Nancy Buchanan
Nancy Buchanan is well-known as a committed activist who believes art can change the mind of the observer about political issues. In her recent performance extravaganza, “Freedom Suites,” she attempted to call attention not only to a particular political situation—United States involvement in Central America—but to the issue of personal responsibility for world problems and their solutions.
The piece was commissioned for Los Angeles’ “Explorations II” series, sponsored by the Museum of Contemporary Art, the California Institute of the Arts, and the Japanese American Cultural and Community Center. The sponsors are to be commended for their choices in curating this series; not often will major institutions take on openly political work, and this series included such outspoken malcontents as Tim Miller and Cheri Gaulke. While it is encouraging that a mainstream public venue has taken on works of controversial content—works that operate on the flip side of formalism—the intensity of the spotlight exaggerates the difficulties encountered at the crossroads of politics and art.
Buchanan’s performance was true to the LA/feminist/political-art credo in the clarity of its motive. Not only was the structure spelled out in the program, the piece opened with an explanation—a conversation between Buchanan and one of her actors—revealing that the dominant metaphor in the performance was the human body, the integration of its parts and function, which represented, in the larger sense, the interdependence of all the world’s people upon each other. The notion of freedom in this work was inextricably linked with personal responsibility for good and evil. In slides, videotapes, recordings, and live performance segments Buchanan referred repeatedly to American action in Central America, placing before the audience evidence of our apathy about the atrocities there, which may have been caused, either directly or indirectly, by our government’s intervention.

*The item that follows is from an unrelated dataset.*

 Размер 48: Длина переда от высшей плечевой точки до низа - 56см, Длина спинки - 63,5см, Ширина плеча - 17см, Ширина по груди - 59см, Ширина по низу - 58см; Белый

Working with many collaborators, Buchanan pulled out all the stops at every production level. Her knack for simple, potent, often humorous effects has never been more substantially displayed. For example, during the “Eyes/ Sightline” segment an actress opened a window high in the backdrop of the modular stage (think of the “Laugh-In” set) and applied camouflage makeup, while taped voices remarked, “beauty is in the eye of the beholder. Behold, beholder, I am beholden to you.” While a voice-over recited truisms about sight, four actors entered wearing glasses fitted with eyeballs on springs through which they examined the audience. Buchanan performed a beautifully written piece about once having made eye contact with a bum at a stoplight, a moment that catapulted her spirit to a point high over the city from which she looked down to see “millions of tiny sparks, of souls—making connections, all capable of this kind of connection.” At this moment, huge white balloons painted like eyeballs descended from the ceiling and were batted about by the audience. As several actors rose from their seats to reveal shirts painted with hearts, strobes were set off and red light pulsed through the room. A beating heart appeared on the giant screen and Buchanan read a Rosario Murillo poem that spoke of planting a heart in the earth.

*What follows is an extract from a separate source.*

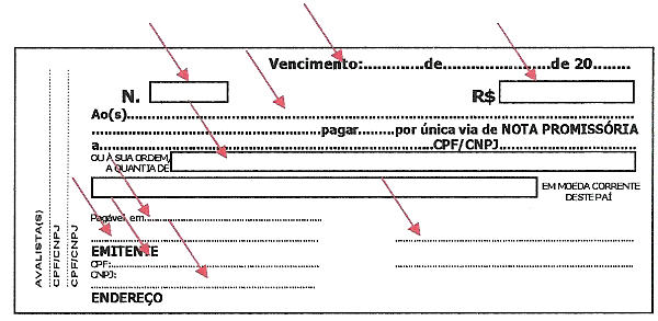 As setas vermelhas indicam onde se deve ter especial zelo no preenchimento dos dados nos títulos. Cuidando sempre para não informar dados incorretos, não rasurar ou borrar, tornando-os ilegíveis. Pois, todas as informações apresentadas serão inteiramente de responsabilidade do credor apresentante. Deverá indicar o CPF e o endereço do emitente.

The great strength of the performance was diminished, however, by one element—Buchanan’s final addressto the audience. This is a device she has used often in her work and its effect is overwhelmingly disappointing. In her effort to make sure the audience gets the point, she delivers a parting speech that points a finger of guilt and pleads for direct political action. The device insults not only the audience’s ability to grasp the performance, but the performance itself. The audience has just spent more than an hour howling with laughter and gasping at the beauty of her effects, only to be told that these elements were little more than sugar coating on the bitter pill of political remonstrance.
Didacticism is the Achilles’ heel of political performance art. If the motive of the artist is to urge her audience to action, she must first recognize the delicacy of this task and then respect art’s special gift for unfolding the truth and touching the heart and mind.